After washing the vegetable, trim the green tops (this can be used as a garnish). Slice off the roots and remove the tough outer layer (if the bulb is younger and tender you can leave this layer on). To cook whole, cut out the central core from the bottom, leaving a cavity. Alternatively slice or chop into quarters and remove the core from each (not too much, or the quarters will fall apart).


Freshly cut fennel should be wrapped in damp kitchen paper and placed in a perforated bag stored in the fridge.
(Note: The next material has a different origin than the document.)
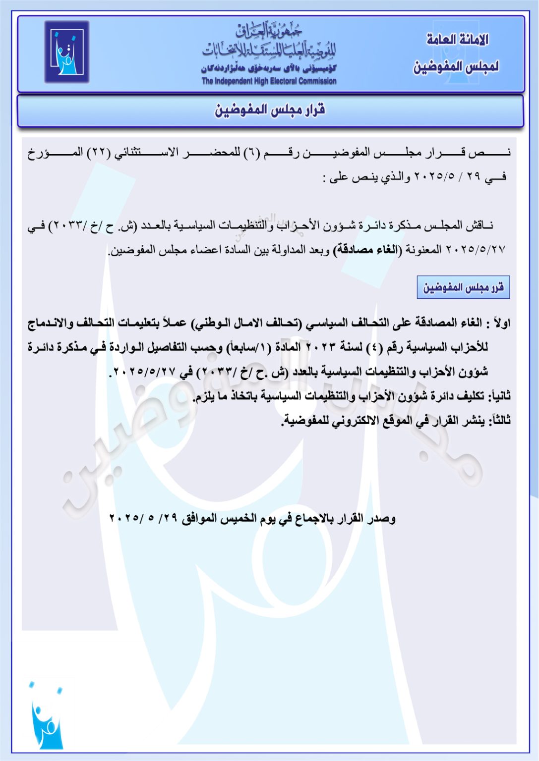 أعلنت المفوضية العليا المستقلة للانتخابات، اليوم الخميس، إلغاء مصادقة مجلس المفوضين على تحالف سياسي، ومصادقته على 4 تحالفات أخرى، مع رد تظلّم مقدّم في أحد قرارات الهيأة القضائية في المفوضية.

This will keep fresh for three days.


Boil or steam up to 20 minutes for a whole bulb, 12 minutes for quarters, or roast between 40-50 minutes. 

Salt Marsh Lamb

Salt Marsh lamb has become a culinary speciality for its distinctive flavour and meltingly tender consistency, making the meat stand out compared to other lamb. The succulent meat is also much darker than mountain reared lamb, containing less fat. The lambs graze on the estuary salt marshes and coastal pastures that are flooded by the spring tides and drenched by sea water. They feed on a rich variety of vegetation and reserves growing in the salt marshes, which give the meat a gentle hint of coastal flora and fauna, such as glasswort, samphire and sea lavender.


Comes into season in July but is available throughout the summer and autumn. Choose the best When it comes to lamb, you should always buy from a source you can trust. Salt marsh lamb is fully traceable and are born on the farms where they live and spend most of their lives grazing on salt marsh. Many cuts of lamb are available – which you buy is dependant on how you cook it. For roasts, the ideal cuts include leg, breast, shoulder, saddle or rump.
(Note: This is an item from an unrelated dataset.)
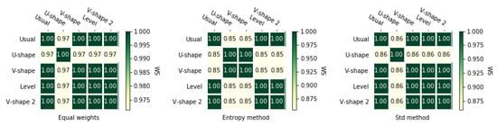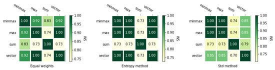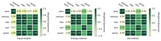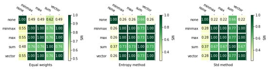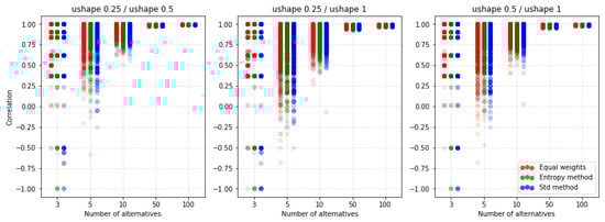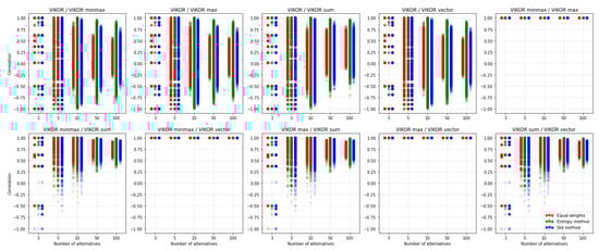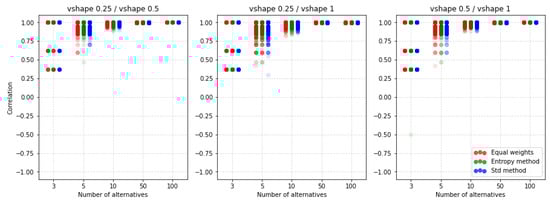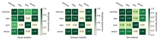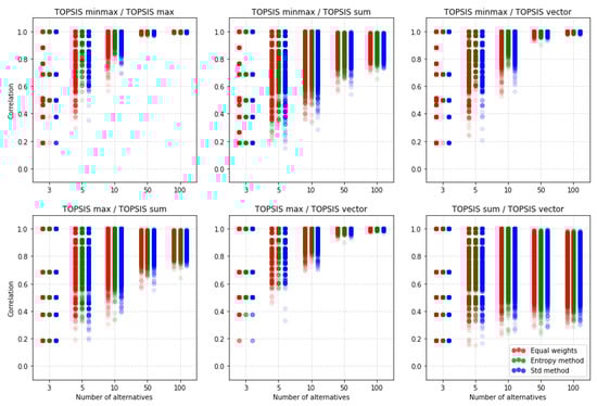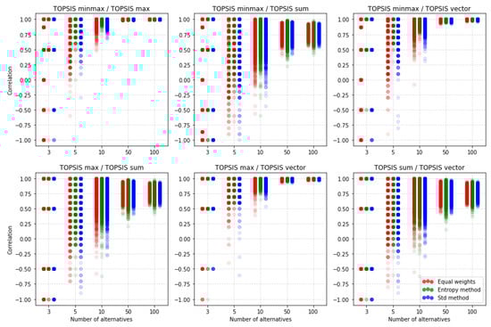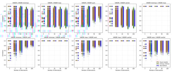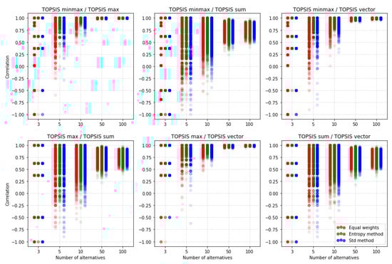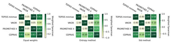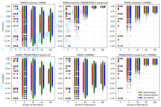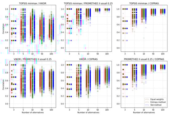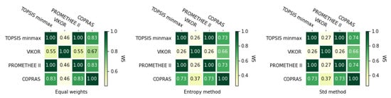 In this paper, we used several MCDA methods (TOPSIS, VIKOR, COPRAS, and PROMETHEE II) to make comparative tests. The choice of this set was dictated by the properties and popularity of these methods. These methods and their modifications found an application in many different domains such as sustainability assessment [34,35,36], logistics [37,38,39], supplier selection [7,40,41], manufacturing [42,43,44], environment management [45,46,47], waste management [48,49], energy management [50,51,52,53,54,55], chemical engineering [56,57,58], and many more [59,60]. The choice of a group of TOPSIS, VIKOR, and COPRAS methods is justified, as they form a coherent group of methods of the American MCDA school and are based on the same principles, using the concepts of the so-called reference points. At the same time, unlike other methods of the American school, they are not merely trivial (in the algorithmic sense) elaborations of the simple additional or multiplicative weighted aggregation. The choice of the PROMETHEE II method was dictated by the fact that this method belongs to the European school and that the PROMETHEE II algorithm implements the properties of other European school-based MCDA methods (outranking relations, thresholds, and different preference functions). It should be noted that for benchmarking purposes, the choice of this method has one more justification—unlike other methods of this school, the method provides a full, quantitative final ranking of decision-making options.

To get the best of the beautiful flavour it is important to cook the meat until it is pink and not overcooked. Roasting with rosemary and garlic works well with the meat, however if you want to taste the sweetness of the lamb keep the use of these to a minimum.


Unless the lamb is vacuum-packed, remove the packaging (making a note of any use-by dates) and store the lamb at the bottom of the fridge in a large dish covered with cling film to contain any drips (vacuum-packed lamb should be kept in its packaging). Ensure the lamb doesn't touch any cooked foods or anything that will be eaten raw. Any cuts that are bought loose will keep for up to 2-4 days and larger cuts for roasting will keep up to 5 days.


If you like your lamb pink, roast for 1 hour 15 minutes or 1 hour 30 minutes if you prefer well done. Once cooked, remove from the oven, cover with foil and rest for 15 minutes before serving with potatoes. Sounds tasty!